• **AVAILABLE DATA**:
-------------------------

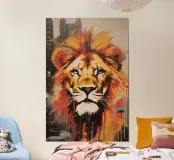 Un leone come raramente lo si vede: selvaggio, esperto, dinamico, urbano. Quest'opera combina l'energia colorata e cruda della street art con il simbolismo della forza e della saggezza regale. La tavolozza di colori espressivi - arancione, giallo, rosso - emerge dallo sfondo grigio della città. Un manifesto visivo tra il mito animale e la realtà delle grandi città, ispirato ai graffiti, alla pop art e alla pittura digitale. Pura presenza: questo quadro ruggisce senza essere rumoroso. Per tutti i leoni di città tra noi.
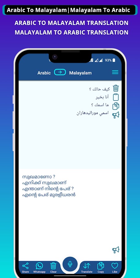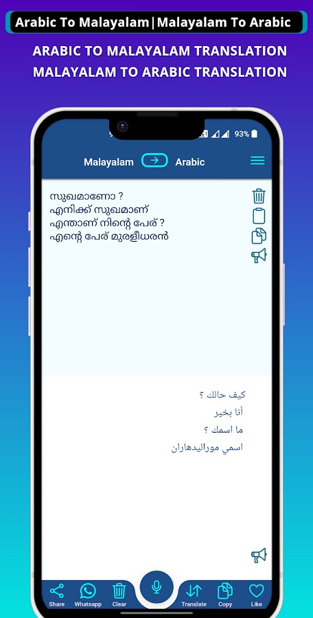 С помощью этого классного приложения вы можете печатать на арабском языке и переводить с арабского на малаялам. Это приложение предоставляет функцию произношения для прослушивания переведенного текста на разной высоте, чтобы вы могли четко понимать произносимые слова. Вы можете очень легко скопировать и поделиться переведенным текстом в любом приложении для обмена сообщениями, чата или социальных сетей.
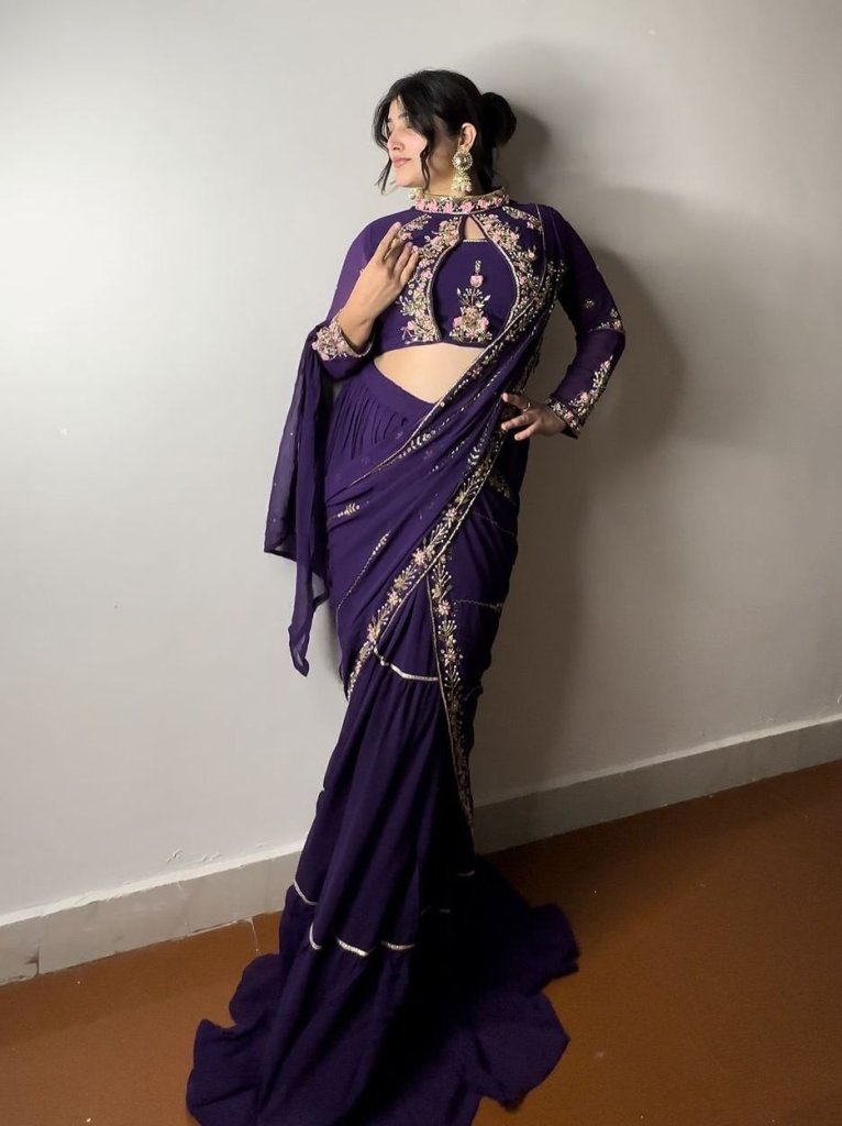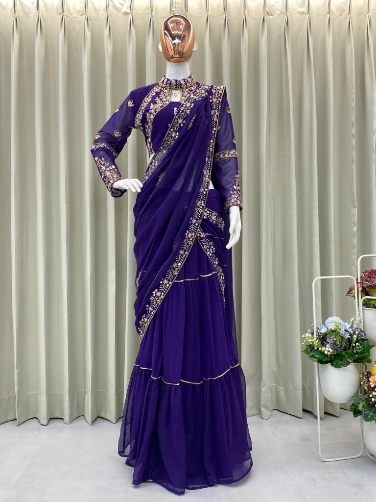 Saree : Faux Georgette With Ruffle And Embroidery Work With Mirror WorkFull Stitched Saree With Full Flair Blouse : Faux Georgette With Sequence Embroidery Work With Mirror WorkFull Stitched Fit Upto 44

-------------------------

• **WHAT IS EXPECTED**:
Leave out the pictures; repeat the data exactly.

• **RESPONSE**:
 Un leone come raramente lo si vede: selvaggio, esperto, dinamico, urbano. Quest'opera combina l'energia colorata e cruda della street art con il simbolismo della forza e della saggezza regale. La tavolozza di colori espressivi - arancione, giallo, rosso - emerge dallo sfondo grigio della città. Un manifesto visivo tra il mito animale e la realtà delle grandi città, ispirato ai graffiti, alla pop art e alla pittura digitale. Pura presenza: questo quadro ruggisce senza essere rumoroso. Per tutti i leoni di città tra noi.
 С помощью этого классного приложения вы можете печатать на арабском языке и переводить с арабского на малаялам. Это приложение предоставляет функцию произношения для прослушивания переведенного текста на разной высоте, чтобы вы могли четко понимать произносимые слова. Вы можете очень легко скопировать и поделиться переведенным текстом в любом приложении для обмена сообщениями, чата или социальных сетей.
 Saree : Faux Georgette With Ruffle And Embroidery Work With Mirror WorkFull Stitched Saree With Full Flair Blouse : Faux Georgette With Sequence Embroidery Work With Mirror WorkFull Stitched Fit Upto 44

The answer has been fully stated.